→ Problem requirements: The expected result is an exact restatement of the data, free of pictures.
[Opening Data block section]
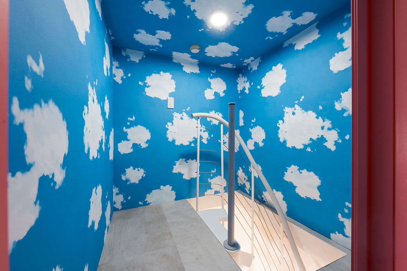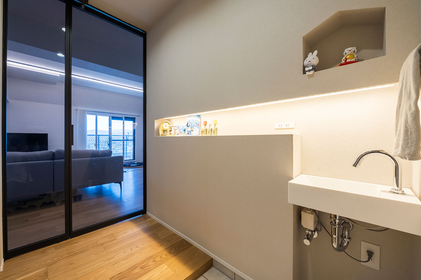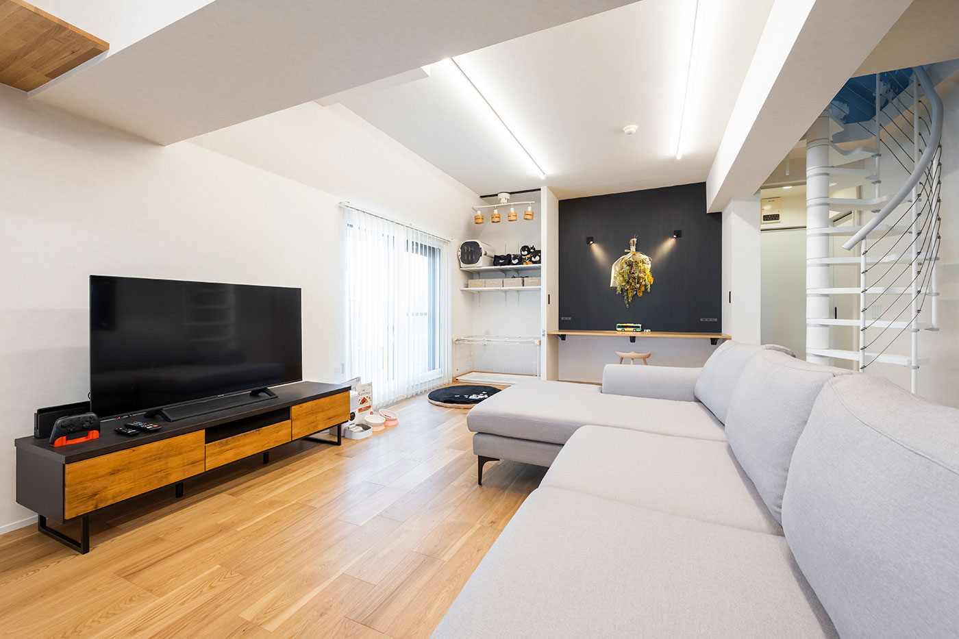 アフターコロナの時代に必須となった「手洗いスペース」は宅内に3箇所も設置し、混雑を回避しました。また、ロフトへのアクセスを担う「らせん階段」は、イタリア製の輸入品を使用。存在自体がリビングのアイコンとなっています。
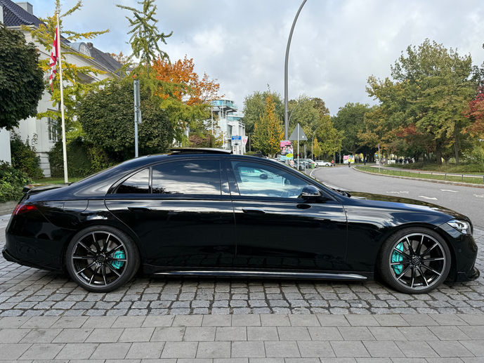 Zum Verkauf steht ein Mercedes-Benz S 400 d 4MATIC mit 330 PS (243 kW) und einer exklusiven Ausstattung auf höchstem Niveau. Das Fahrzeug wurde mit einem kompletten Brabus Bodykit veredelt und steht auf originalen Brabus Monoblock Z21 Forged Platinum Edition Felgen in Schwarz/Glanzfront. Die Bremssättel wurden in Tiffany Blue lackiert, was dem Fahrzeug eine besonders edle und auffällige Optik verleiht.
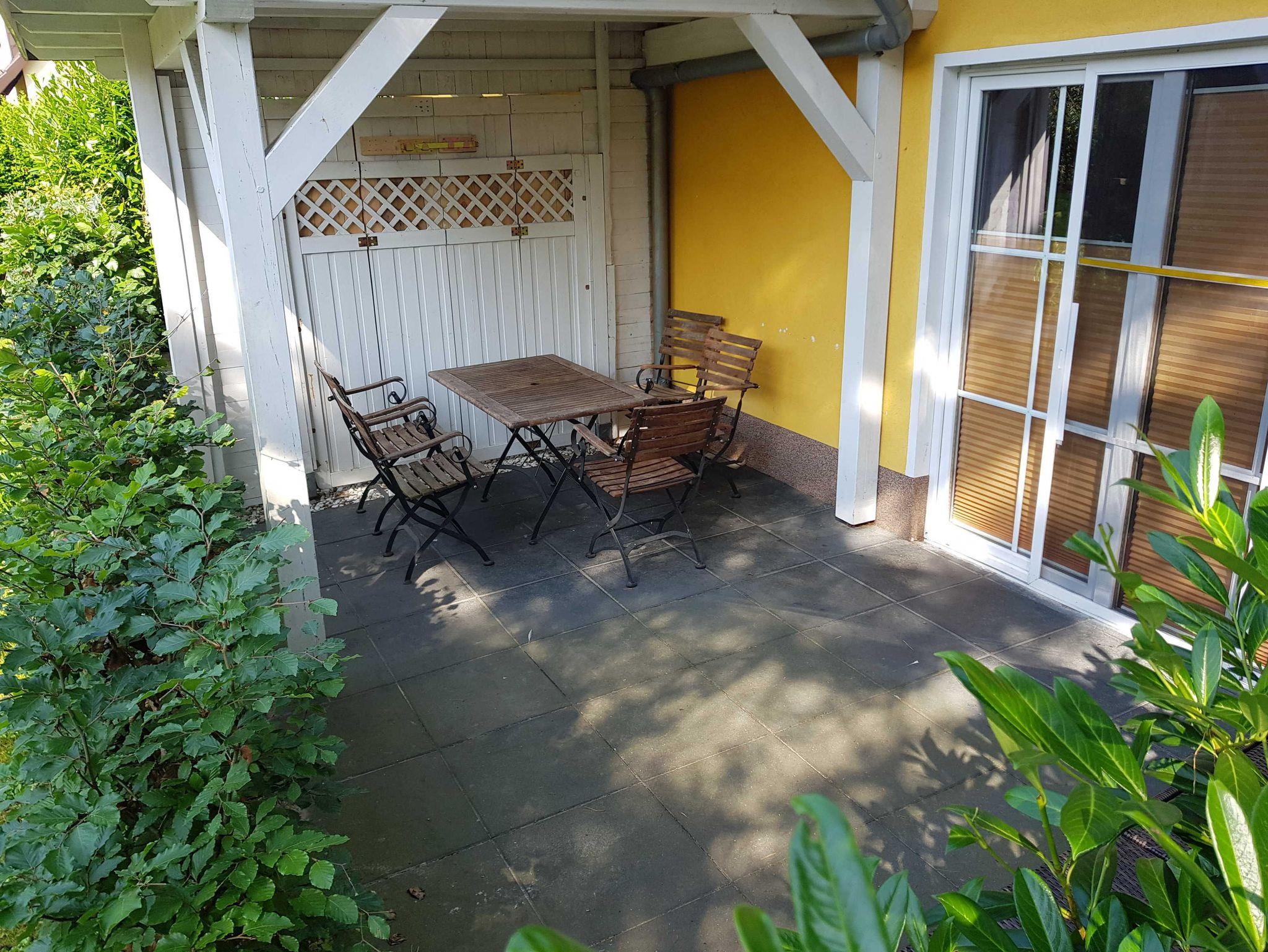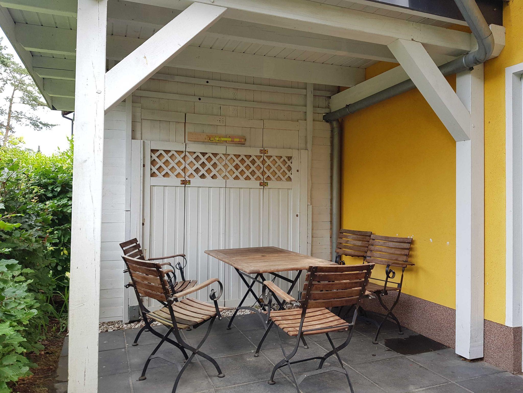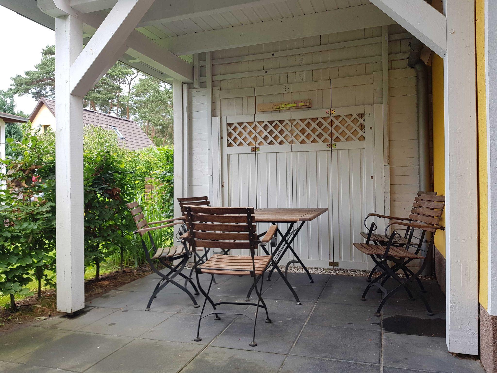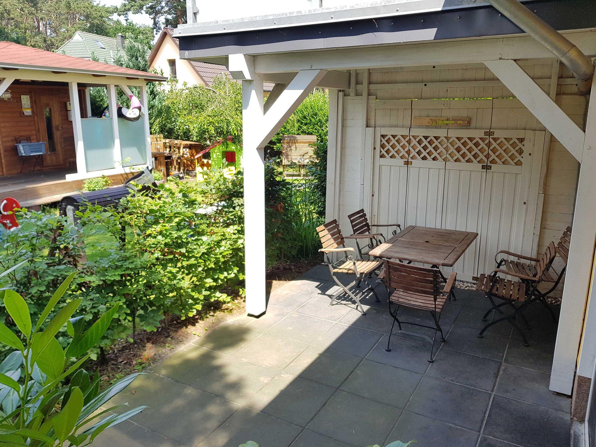 • Großzügigen Terrasse mit Gartenblick und mit Außensauna zur Nutzung. Mit stabiler Sitzgarnitur aus Holz. Für Fewo 1 mit 2 Stühlen, einer Bank und einem Tisch und für Fewo 2 mit 5 Stühlen und einem Tisch. Siehe Fotos. Terrassentür und das Terrassenfenster sind jeweils mit einem Plissee ausgestattet, welches Sie zum Schutz gegen Sonnenlicht oder Blicke nutzen können.
[Closing Data block section]
→ Reply:
 アフターコロナの時代に必須となった「手洗いスペース」は宅内に3箇所も設置し、混雑を回避しました。また、ロフトへのアクセスを担う「らせん階段」は、イタリア製の輸入品を使用。存在自体がリビングのアイコンとなっています。
 Zum Verkauf steht ein Mercedes-Benz S 400 d 4MATIC mit 330 PS (243 kW) und einer exklusiven Ausstattung auf höchstem Niveau. Das Fahrzeug wurde mit einem kompletten Brabus Bodykit veredelt und steht auf originalen Brabus Monoblock Z21 Forged Platinum Edition Felgen in Schwarz/Glanzfront. Die Bremssättel wurden in Tiffany Blue lackiert, was dem Fahrzeug eine besonders edle und auffällige Optik verleiht.
 • Großzügigen Terrasse mit Gartenblick und mit Außensauna zur Nutzung. Mit stabiler Sitzgarnitur aus Holz. Für Fewo 1 mit 2 Stühlen, einer Bank und einem Tisch und für Fewo 2 mit 5 Stühlen und einem Tisch. Siehe Fotos. Terrassentür und das Terrassenfenster sind jeweils mit einem Plissee ausgestattet, welches Sie zum Schutz gegen Sonnenlicht oder Blicke nutzen können.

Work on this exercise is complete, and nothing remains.